After Death by Dean Koontz

Thomas & Mercer, pb, £6.99

Reviewed by John Dodd

I’ve never read Dean Koontz before, and given the volume of work he’s put out there over the years, that always seemed like a massive oversight. 

After Death begins with Michael Mace walking into the offices of a corrupt businessman where said businessman is standing in his pyjamas looking at a massive stack of money alongside two hitmen that are in his employ.  Michael asks for money without threat of weapons and then walks out of the building with the money in a bag.

By the end of the book, this is the most normal thing that happens in it…

What we find out quickly is that Michael has recently returned from the dead, an experiment went wrong (or very right) and brought him back, but now suffused with nanites, he has the ability to instantly link to and control any computer system, no matter its level of encryption, and to leave without any trace of him ever being there.

Of course, this cannot be allowed to continue…

What follows is a chase of sorts, split into two different narratives linked by the thinnest of threads.  In the first, Michael is trying to keep Nina and John, the people he loves, from being killed by Aleem, John’s father.  In the second, Calaphas Durand is set on the path by the men that Michael robbed in the first act to find and kill Michael before the truth about him and his abilities becomes well known.

Except Michael has no interest in becoming well known, he has his motivations, and he has his needs, and he will do anything to ensure that he keeps Nina and John safe.  What he wants is to live a life away from all the violence and nastiness so that he can enjoy his second go on the roundabout.

But that is not how it is to be…

It’s a slow burner, to begin with, with plenty of solid details that will become required at some point later in the plot, and Koontz doesn’t mind introducing many characters, only to kill them when they were just getting interesting, all of which leads to an inherent instability in the action, where you’re sure that certain characters are going to be bulletproof all the way to the end, but everyone else is fair game.  The central premise that Michael can literally control the internet and all electrical systems is an interesting one, but it also means that there are several points where I found myself wondering why he didn’t just buy an island somewhere, new identities, erase all knowledge of his former self, and just vanish as only he could do.
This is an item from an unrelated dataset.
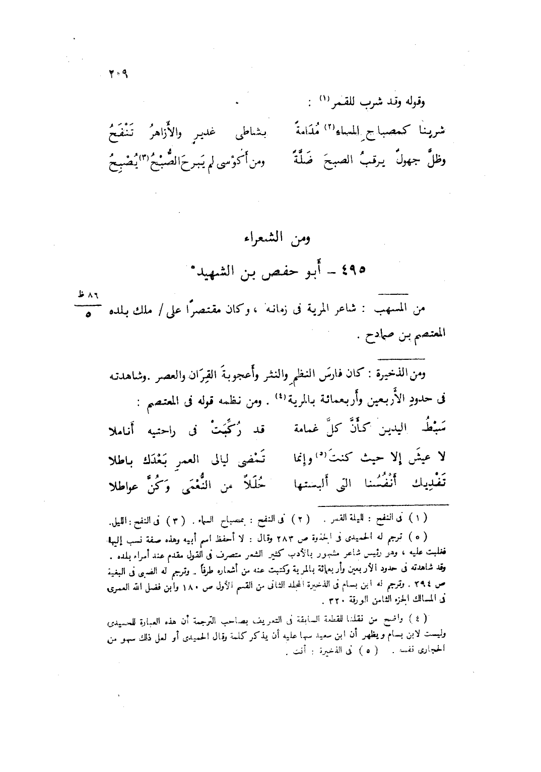 وَمن الذَّخِيرَة كَانَ فَارس النّظم والنثر وأعجوبة الْقرَان وَالْعصر وشاهدته فِي حُدُود الْأَرْبَعين وَأَرْبَعمِائَة بالمرية وَمن نظمه قَوْله فِي المعتصم ... وسبط اليَدَيْنِ كَأَنَّ كُلَّ غَمَامَةٍ ... قَدْ رُكِّبَتْ فِي رَاحَتَيْهِ أَنَامِلا

Fear not, reader, Koontz addresses this in the end.

What we have here is a chase from start to finish; I never had concerns for the main character nor those he protected; he was beyond competent from start to finish, and while there were points where the narrative was stretched by the sudden epiphanies of gangsters, there was never a point where I thought that Michael wasn’t going to make it.

The real villain, Calaphas Durand, is interesting and complicated, described as a sociopath whilst definitely being something else entirely.  His every action screams Villain, his words carefully chosen, his attire, his weapons; if he’d walked into every shot wearing a suit covered in the words “I’m the Bad Guy”, I would not have been surprised.  But that just makes him all the more fun, and in the end, that’s what this novel is.


From the beginning and the impossible premise to the chases to the UberVillain to the fricking remote control robodogs, every part of it is over-the-top thriller territory, and that makes it an excellent book.  If you’re looking for something grounded and gritty, this is not the book you’re after, but if you’re after an enjoyable romp with colourful characters, you could do much worse than pick this one up.